– Хорошо, давайте начистоту: в городе уже пропали две взрослые девушки, третья – ваша маленькая Нюша. Во всех трёх случаях жертвам были отрублены косы и заброшены на территорию отделения. Пока нет прямых улик к тому, чтобы считать их бывших владелиц погибшими. Но… время идёт и работает против нас. Я хочу знать: где была, чем занималась, куда собиралась пойти эта девочка в день исчезновения?!
– А ты поберяги сердце, Никита Иванович, на всех никакой сострадательности не хватит. Ежели кака дура по нядосмотру али скудоумию в коровью ляпёшку обеями ногами влезла – так то печаль ня моя. Коса не хвост, отрастёт нябось! Нюшка моя на што девулька шкодная, а и то знала – без разряшения старших из дому и нос в окно ня суй!
– Так вы знали, где ребёнок?
– Завсягда знала, а тока за так ня скажу, – спокойно ответила Марфа Дормидонтовна, строго погрозив пальцем девушкам, напоминая, чтоб дьяку без предоплаты руки распускать не давали. Мало ли – помнёт чего или поцарапает, а при их профессии каждая часть тела всегда должна иметь товарный вид. Девицы, всё так же зевая, беззлобно отвесили гражданину Груздеву по оплеухе. Минуты полторы дьяк пытался восстановить координацию движений и усесться на лавку обратно. Всё молча, язык, видимо, прикусил…
– Однако, гости дорогия, пора бы и честь знать. Уж ты не обяссудь, участковый, пришёл не ждан не зван, с пустыми руками, без гостинцу. Сам холостой, а девок ровно чумы избягаешь. Али взаправду говорят, будто бы по скудности жалованья с Бабой Ягой, не стыдясь, живёшь?
– У нас разные комнаты, вкусы, возраст, вес и представления о браке, – медленно, чтобы не зарычать, выдавил я.

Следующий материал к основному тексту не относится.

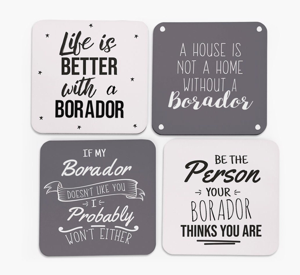 Each coaster has a special unique phrase and shows just how much Borador means to you. They come in five contemporary colors and are the pawfect addition to any stylish Borador lover's home.

– Ну-у, странности полюбовные и ня такия бывают… – понимающе протянула домохозяйка, окидывая меня профессионально-оценивающим взглядом. Не дожидаясь худшего, я встал, сухо попрощался и развернулся к дверям. Больше мне ничего здесь не расскажут, надо было с бабкой идти. Яга бы живо навела тут армейский порядок, временами мне кажется, что в ней умер великий прапорщик.
– Не спяши, сыскной воявода, за дружка-то твово кто платить будет?
Оборачиваться не хотелось, я начинал тихо паниковать.
– В каком смысле?
– А в таком! На лавке сядел? Девок мял? Приятственность получил явную – вона какую!
– Это его проблемы, и он не мой дружок! Так, увязался…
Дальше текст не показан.